### [Exercise details]
Starting at the line containing "Uno de los productos" and ending at the line containing "3、在炮塔界面選擇Gunne", transcribe the listing below exactly. Keep both end lines, skip the pictures, and copy nothing else.

### [Input for this task]
»»

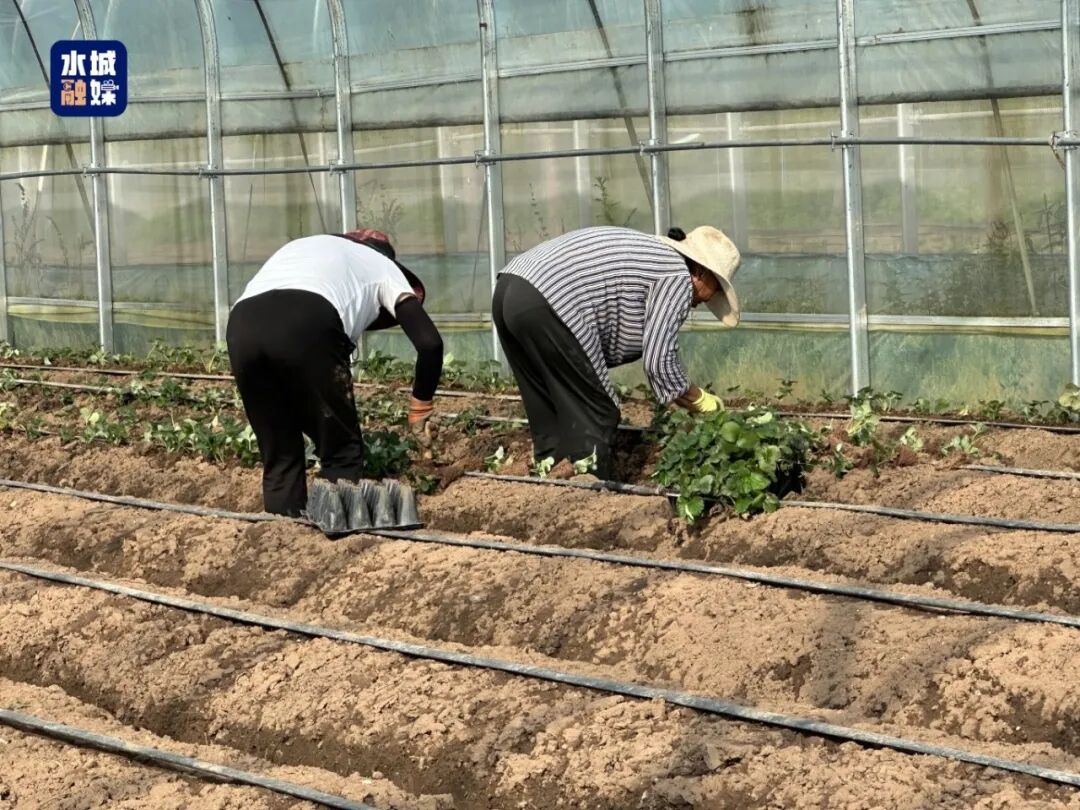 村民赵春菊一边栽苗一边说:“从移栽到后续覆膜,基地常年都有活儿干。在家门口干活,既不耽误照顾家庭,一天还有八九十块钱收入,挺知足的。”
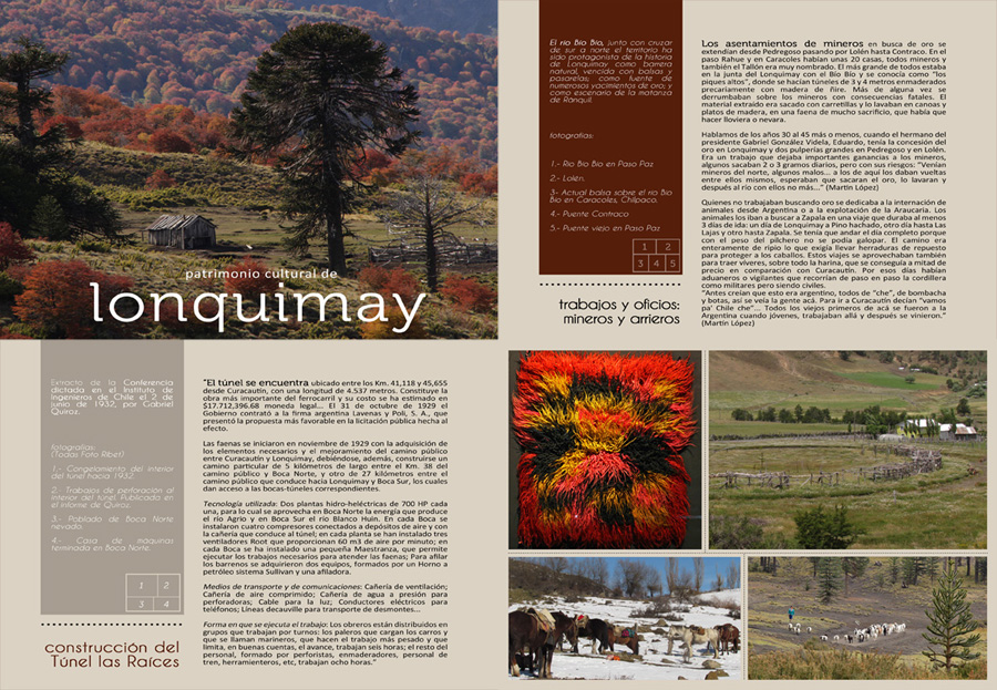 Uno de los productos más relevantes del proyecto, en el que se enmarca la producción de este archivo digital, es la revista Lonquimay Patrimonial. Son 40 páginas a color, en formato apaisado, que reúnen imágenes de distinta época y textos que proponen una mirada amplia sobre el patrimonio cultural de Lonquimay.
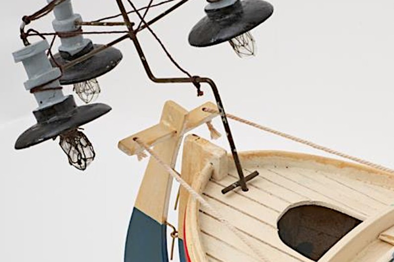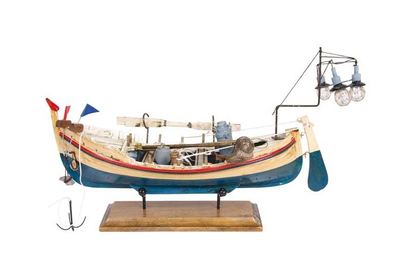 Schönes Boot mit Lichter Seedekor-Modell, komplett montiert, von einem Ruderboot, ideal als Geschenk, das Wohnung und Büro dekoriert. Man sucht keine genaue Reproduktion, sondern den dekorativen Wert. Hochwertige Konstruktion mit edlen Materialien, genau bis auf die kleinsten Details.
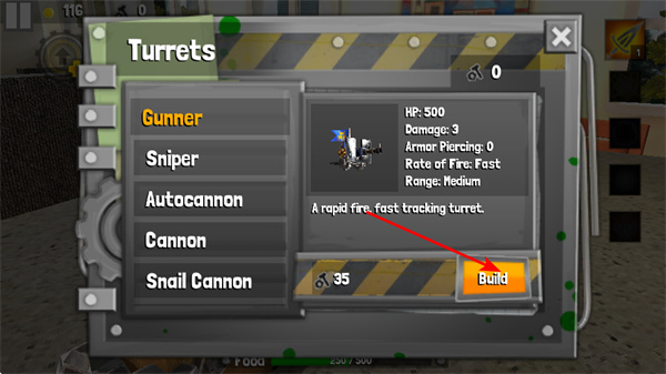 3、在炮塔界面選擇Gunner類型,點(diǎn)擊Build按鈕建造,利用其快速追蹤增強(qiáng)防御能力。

««
»»

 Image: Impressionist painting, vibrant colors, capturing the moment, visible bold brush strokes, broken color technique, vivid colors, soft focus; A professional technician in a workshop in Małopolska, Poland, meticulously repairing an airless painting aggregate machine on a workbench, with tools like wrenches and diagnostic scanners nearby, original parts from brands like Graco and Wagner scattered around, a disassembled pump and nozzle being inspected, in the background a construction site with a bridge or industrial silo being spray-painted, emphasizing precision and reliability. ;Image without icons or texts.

««

### [Answer box]
 Uno de los productos más relevantes del proyecto, en el que se enmarca la producción de este archivo digital, es la revista Lonquimay Patrimonial. Son 40 páginas a color, en formato apaisado, que reúnen imágenes de distinta época y textos que proponen una mirada amplia sobre el patrimonio cultural de Lonquimay.
 Schönes Boot mit Lichter Seedekor-Modell, komplett montiert, von einem Ruderboot, ideal als Geschenk, das Wohnung und Büro dekoriert. Man sucht keine genaue Reproduktion, sondern den dekorativen Wert. Hochwertige Konstruktion mit edlen Materialien, genau bis auf die kleinsten Details.
 3、在炮塔界面選擇Gunner類型,點(diǎn)擊Build按鈕建造,利用其快速追蹤增強(qiáng)防御能力。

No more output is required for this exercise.